Standards exist or are being developed for
specifying and submitting jobs to such a host
provider. As Grid standards have converged
with Web service standards, Grid architecture
and the way applications are being made
available are increasingly based around
Service-Oriented Architecture (SOA) [1].
In this paper we address the problem of
over-utilisation and resulting failure to meet
QoS requirements by with a method of
dynamic server allocation. We describe a fully
implemented system that provides dynamic
server provisioning capabilities using as an
optimal allocation heuristic, and the alterations
made to the heuristic to incorporate Qos. The
resources being allocated are servers capable
of processing SOAP messages directed to Web
services, and each message is seen as one job
by the system. Allocation involves deploying
new Web services on servers. In particular we
are interested in when a re-allocation should be
made, and which service pools should lose and
gain servers. The heuristic then aims to
balance the cost of holding the jobs currently
waiting to be serviced.
Three approaches of enforcing QoS targets
for Web services are described, implemented
and tested. Firstly we describe how holding
cost values used by the allocation heuristic to
make reallocation decisions may be
manipulated to favour job types with a better
QoS. In the other two approaches we analyse
the response times of jobs to determine if QoS
requirements are being met and reallocate
servers if they are not.
System Architecture
The proposed resource management system
provides dynamic provisioning capabilities for
a system model containing a number of servers
which together process requests for a number
of hosted services, the number of which may
change over time as services are deployed and
removed. Each SOAP message sent to a
service is one job. Jobs arrive and are assigned
a job type i depending on the service being
requested, where (i = 1, 2,…,M). Jobs are then
are routed to a queue associated with the
service where the queue size for jobs of type i
at a given time is given as ji . All queues are
assumed to be unbounded and jobs currently
being serviced are still seen in a queue. A
number of servers ki are present in a pool
dedicated to prossessing jobs of type i, where
the total number of servers in the system is
given as:
k 1 + k 2 + ... + k m = N
Servers may differ in hardware and
software and may have different capacities, but
servers of type i must be configured correctly
to service jobs of type i. Servers in a pool may
be geographically disparate and reside at
different sites providing an appropriate
network and security infrastructure exists, but
as the system was designed for use in a hosting
environment it does not take into account the
physical location of servers. The intervals
between arrivals of job type i are measured and
the average arrival rate is given as λi jobs per
second. The service time for each job is also
measured and the average service rate of job
type i is given as µi jobs per second. The
average values are evaluated using the
measurements of a window of the last x jobs,
where x may be defined by a system
administrator. We also take into account the
cost of holding a job in a queue, and the cost
ci reflects the importance of one job type over
another. We are interested in the case where
servers may continuously switch between
pools. All jobs being serviced by a server that
is to switch pool must be cancelled or checkpointed if possible, and placed at the front of
their queue in a waiting state. During a switch
the server is unavailable to process jobs of any
type. One Web service runs per server to
provide total application isolation, which is the
methodology adopted by our industrial
partners. Parallel jobs such as those which
require MPI are not supported, and all services
are assumed to be stateless.
Pooling System
A cluster of servers is partitioned into
conceptual pools associated with a service that
processes messages of type i.
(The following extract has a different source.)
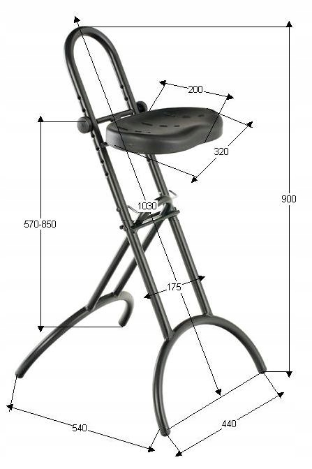 Противоскользящее сиденье черного (RAL 9005). Регулировка высоты сиденья с помощью ступенек в раме табурета. Каркас металлический, табуретка складная. Основание состоит из двух ножек с мягкими нескользящими ножками.

Each conceptual
pool is managed by a Pool Manager which
communicates with each server and a Cluster
Manager communicates with each pool.
The Node Manager runs on each server
capable of processing jobs and makes
adjustments to its host allowing it to switch
pools.
The Pool Manager queues and schedules
incoming jobs, keeps track of the servers in its
pool, and participates in coordinating switches
of servers to and from other pools. Queuing
and scheduling may be done by using an
existing Resource Management System as
discussed in section 6.
The
Cluster
Manager
dispatches
submitted jobs to the appropriate pool based
on job type, and stores information about
arrival rates to be used in the switching policy.
The Cluster Manager receives information
from each Pool Manager which is combined
with stored data and applied to policies to
make reallocation decisions. The Cluster
Manager acts as a coordinator between two
pools during a server switch.
Jobs are queued and scheduled at each
Pool Manager, so queues are not likely to build
up at the Cluster Manager which helps to
disperse load over the system. Together the
Cluster manager and Pool managers monitor
events in the system which allows the Cluster
Manager to make server switching decisions.
The pooling system frees the Cluster Manager
of needing to keep updated information about
every server in the system which helps to
increase the scalability of the system.
Optimal Allocation Heuristic
A heuristic policy was developed in
conjunction with the middleware and shares
the assumption of long running jobs resulting
in queues forming. An optimal switching
policy has been shown to be complex to
evaluate, although a heuristic which calculates
a close to optimal allocation of N servers to M
pools while taking into account switching costs
has been developed [2,3], and has been proved
to perform well compared to the optimal
policy in simulations. The idea behind the
heuristic is to calculate the current “cost
imbalance” Vab , between any two pools a and
b. If there are values for
Vab which are
positive, the largest is taken and a switch from
the corresponding pool a to pool b is initiated.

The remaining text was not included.